In your code sample, user_id is just a parameter that will be passed to the function.
Unrelated to your question, the way that get method is being used seems a bit odd, but it's actual function would not be clear without seeing more of the code.

James J. McCombie
Python Web Development Techdegree Graduate 21,199 PointsHello Terrell,
Had similar questions about that part of the flask tutorial myself.
the decorated function:
@login_manager.user_loader def user_loader(userid):
takes an integer, and via the model.User.get(), returns the user object by finding the row in the database whose primary key (id) is equal to the userid passed in. The primary key is set automatically when using peewee, I guess as the rows are added to the table they get the next integer in sequence as their id, unless its stated explicitally in the Model class. This much I am fairly sure on.

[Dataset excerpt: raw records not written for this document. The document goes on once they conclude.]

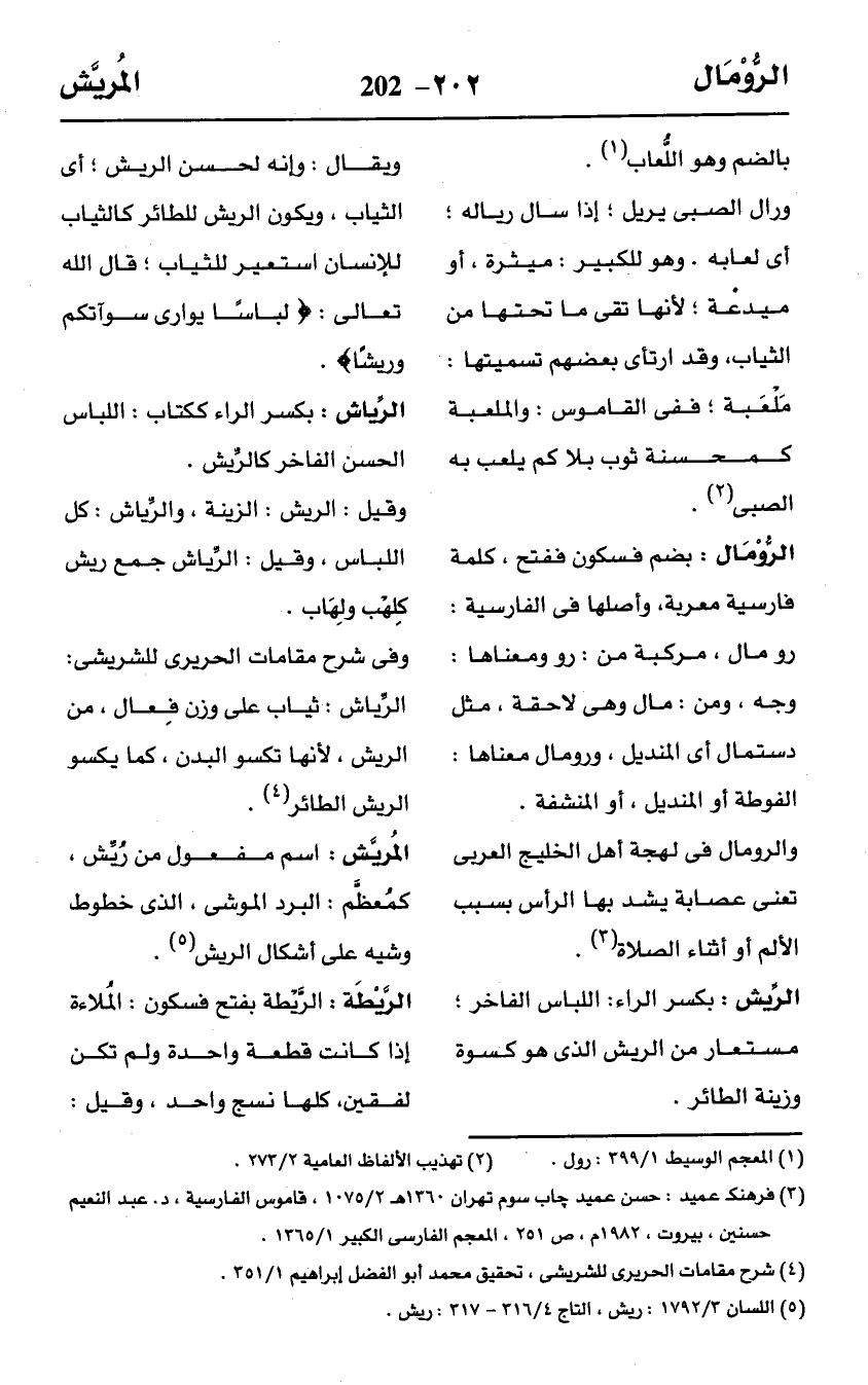 وفى شرح مقامات الحريرى للشريشى: الرِّياش: ثياب على وزن فِعال، من الريش، لأنها تكسو البدن، كما يكسو الريش الطائر (¬4).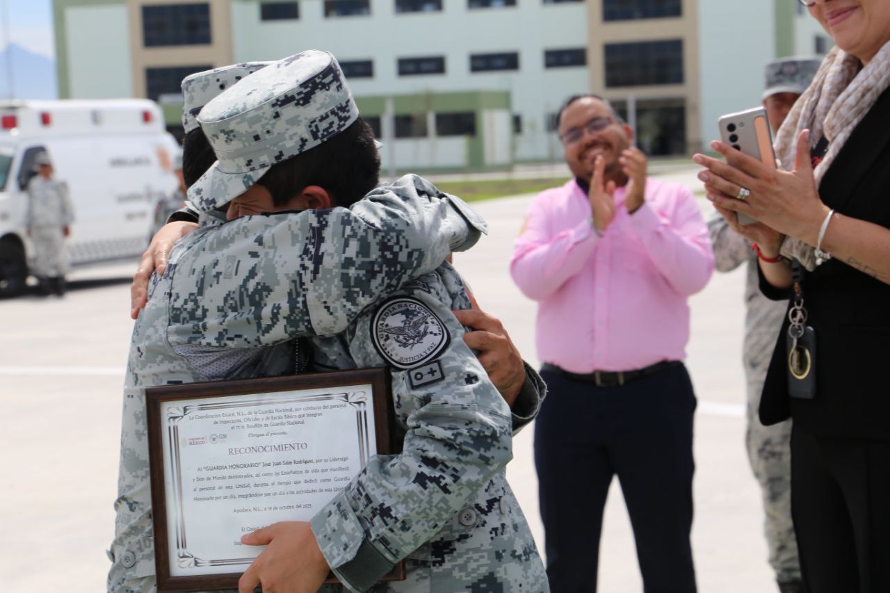 Monterrey, Nuevo León.- Los elementos de la unidad del Campo Militar No. 7 recibieron a Juanito de 12 años de edad, quien se encuentra albergado en el Centro DIF Capullos para brindarle la distinción de ser “GUARDIA HONORARIO”.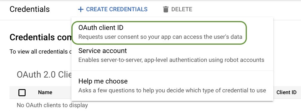 Select OAuth client ID as the credential you wish to create.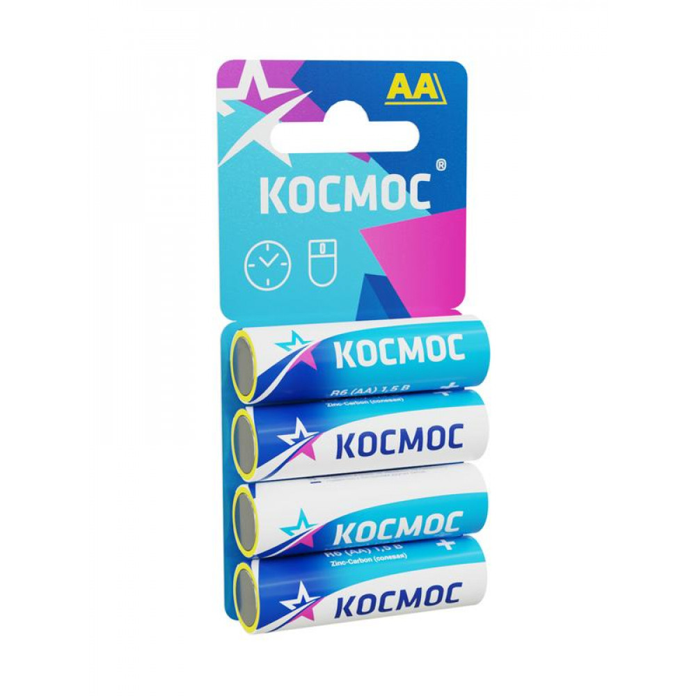 Солевые (цинк-углеродные) батарейки Космос – в упаковке 4 шт. Типоразмер батареек АА также называют «пальчиковые» (на приборах-потребителях может обозначаться как LR6, R6, UM3). Защищены от протечек по технологии Super Heavy Duty. Толстый корпус батарейки легирован против коррозии. Важно - солевые батарейки предназначены для маломощных устройств, например пульт или часы - для игрушек и более мощных устройств лучше выбрать щелочные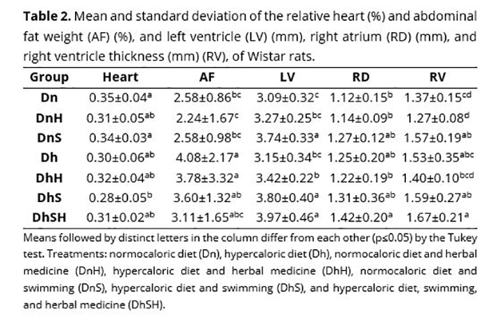 After certification of anesthesia, the hearts were removed and weighed for macroscopic evaluation as to color, contour, consistency, and wall thickness in the middle region of the right and left ventricles and right atrium, obtained using a Digimess® digital caliper. Abdominal fat from the viscera was removed and weighed to calculate the relative weight, according to the following formula: relative organ weight = (organ weight/live weight) × 100.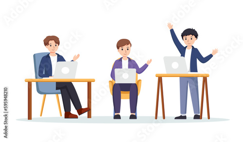 Obraz premium co-working space or remotely at home vector illustration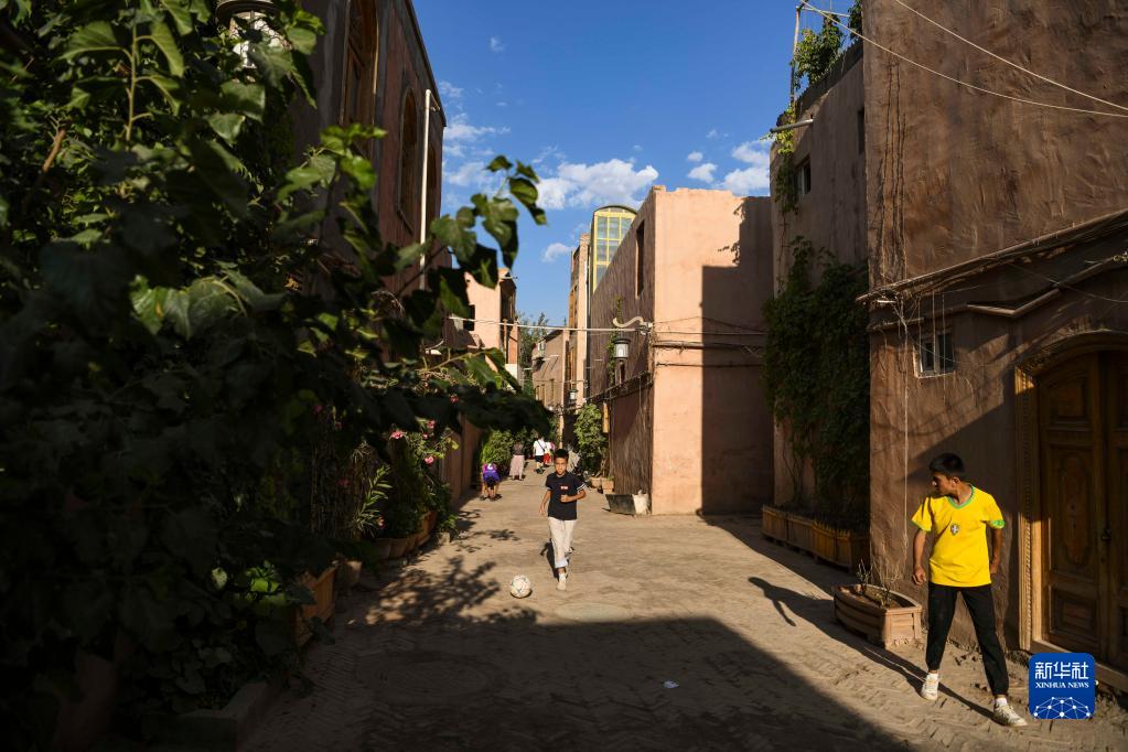 小朋友在新疆喀什古城景区的小巷内踢球(6月15日摄)。新华社记者 胡虎虎 摄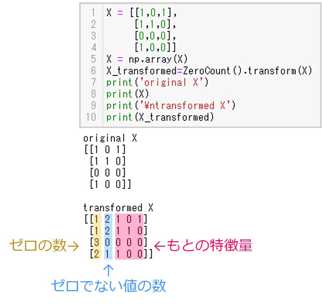| tpot.builtins.ZeroCount | 行ごとにゼロの数を数え、値がゼロである数とゼロでない数を特徴量として付け加えます。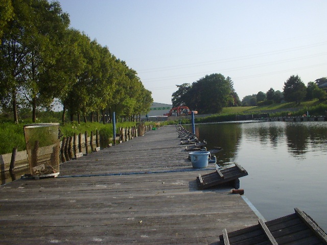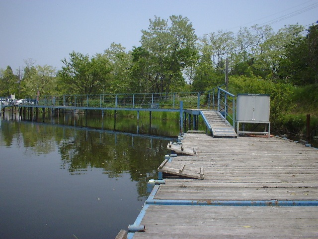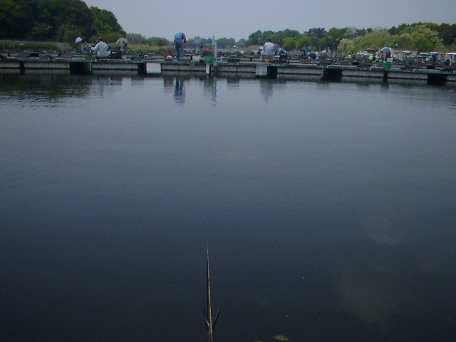 端の松桟橋だとちょうど背後の木が風除けになっていて、水面を見ても一番さざなみが無く釣りやすそうです。岸に近いところではハタキ(産卵活動)のせいか時折バシャ!と魚が跳ねているようです。結局松桟橋の入り口から4番目に釣り座を決めました。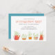 Plant illustrations in festive watercolor pots, with whimsical text and a turquoise speckled pattern on the reverse.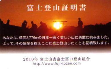 午前2時には明かりが点灯して、皆んなゴソゴソと準備を始めます。 お弁当を受け取り、暖かいボタージュスープを飲んで、2時40分に9合目を出発しました。 ヘッドランプでの夜間登山なので写真はまったくありませんが、9合5勺の「胸突山荘」を経て、 午前4時半ちょっと前に、山頂・10合目に到着しました。 ★ ★ ★ ★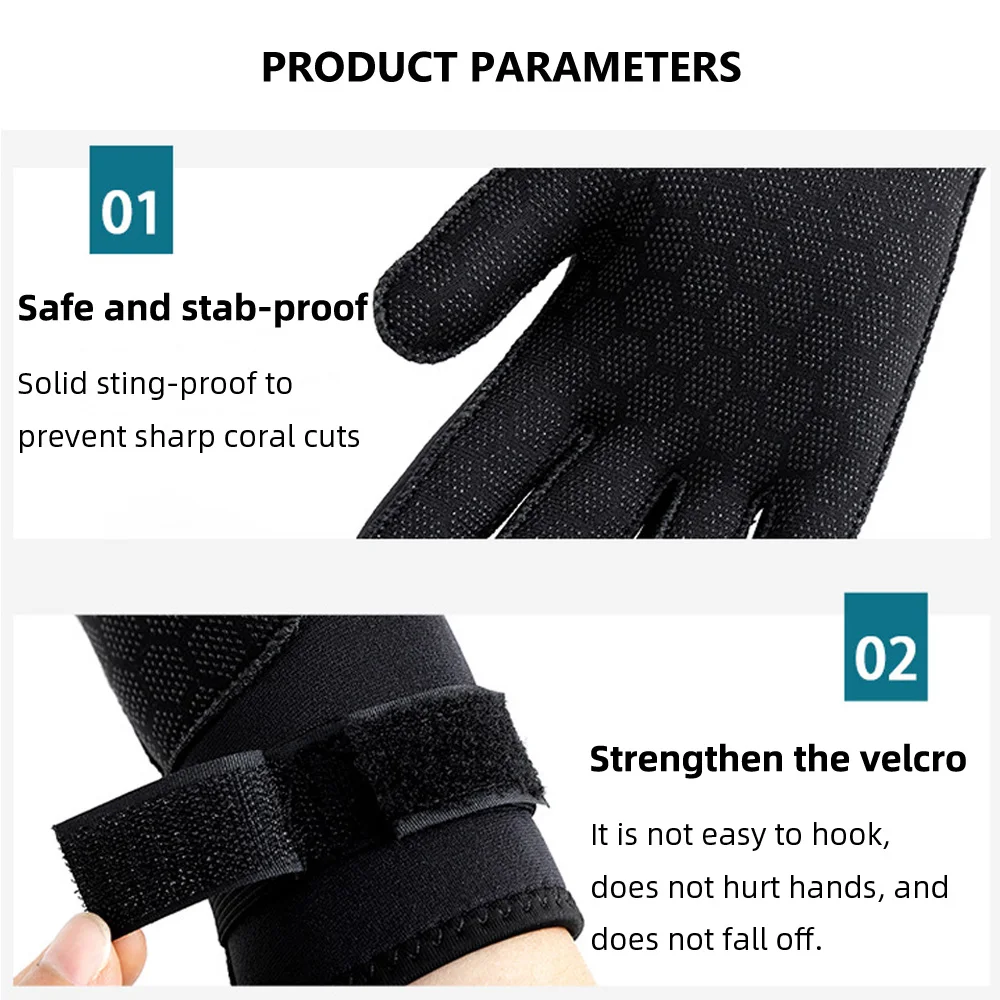 Adjustable Wrist Closure - There are Velcro Straps on wetsuit gloves wrist parts, ensure minimal water entry and close fit to prevent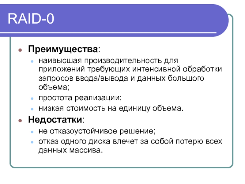 отказ одного диска влечет за собой потерю всех данных массива.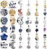 925 Silver Blå Natthimmel Berlock Hänge Glittrande Smycke Gåva till Kvinnor Passar Originalarmband Tillbehör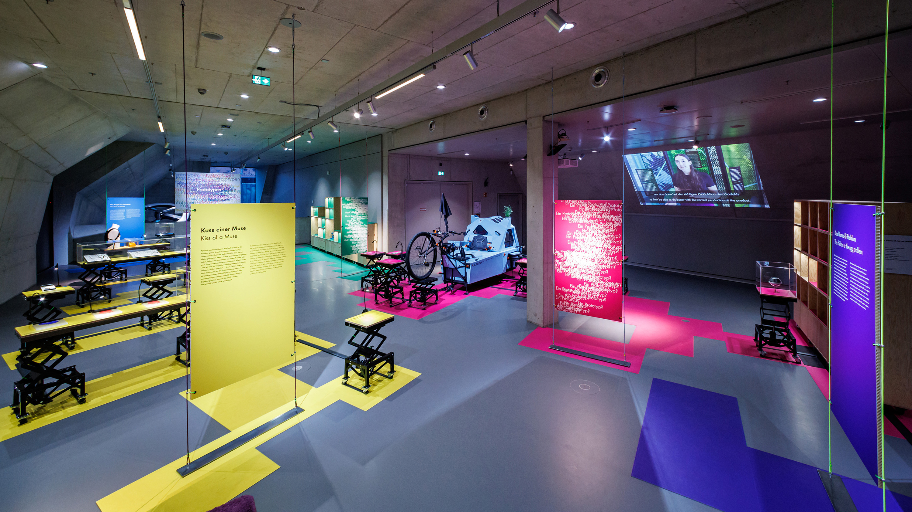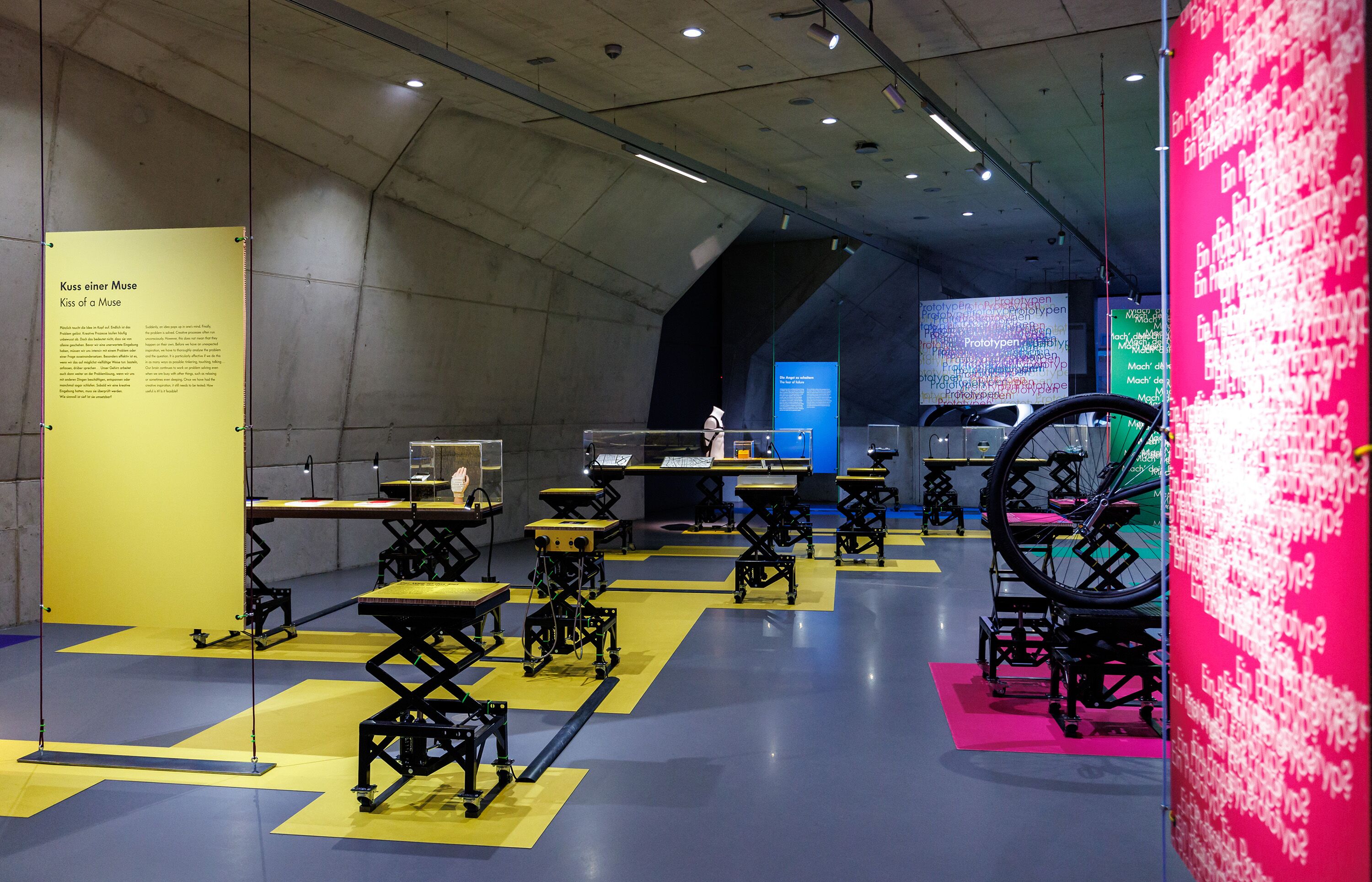 Prozesshaft, unkonventionell, gegen den Strich, experimentell. Um die Merkmale von Prototypen aufzugreifen, spielt das Gestaltungskonzept mit verschiedenen Gestaltungselementen. So zum Beispiel mit den Druckfarben Cyan, Magenta und Yellow, die als Grundfarben der Ausstellungsgrafik dienen und sich im Signet der Ausstellung prozesshaft überlagern. Behutsam und doch augenfällig bricht das Raster der Ausstellung die Ausrichtung des Raumes und schafft neue Perspektiven.

But I am unsure also on how this function is called and where the userid parameter is gotten from to be passed into the function.
Remember the UserMixin class? this gives access to these four methods:
is_authenticated() is_active() is_anonymous() get_id()
These are all needed for Flask-Login to work, UserMixin gives them to us to use without having to define them explicitly in the classes ourselves. The is_authenticated() method is required so that the @login_required decorator works, it simply returns True or False if authenticated which is then used by the @login_required decorator. This does work on my app, so is_authenticated() must be running behind the scenes since in the tutotial we inherit from UserMixin by adding it into our User class inheritance chain.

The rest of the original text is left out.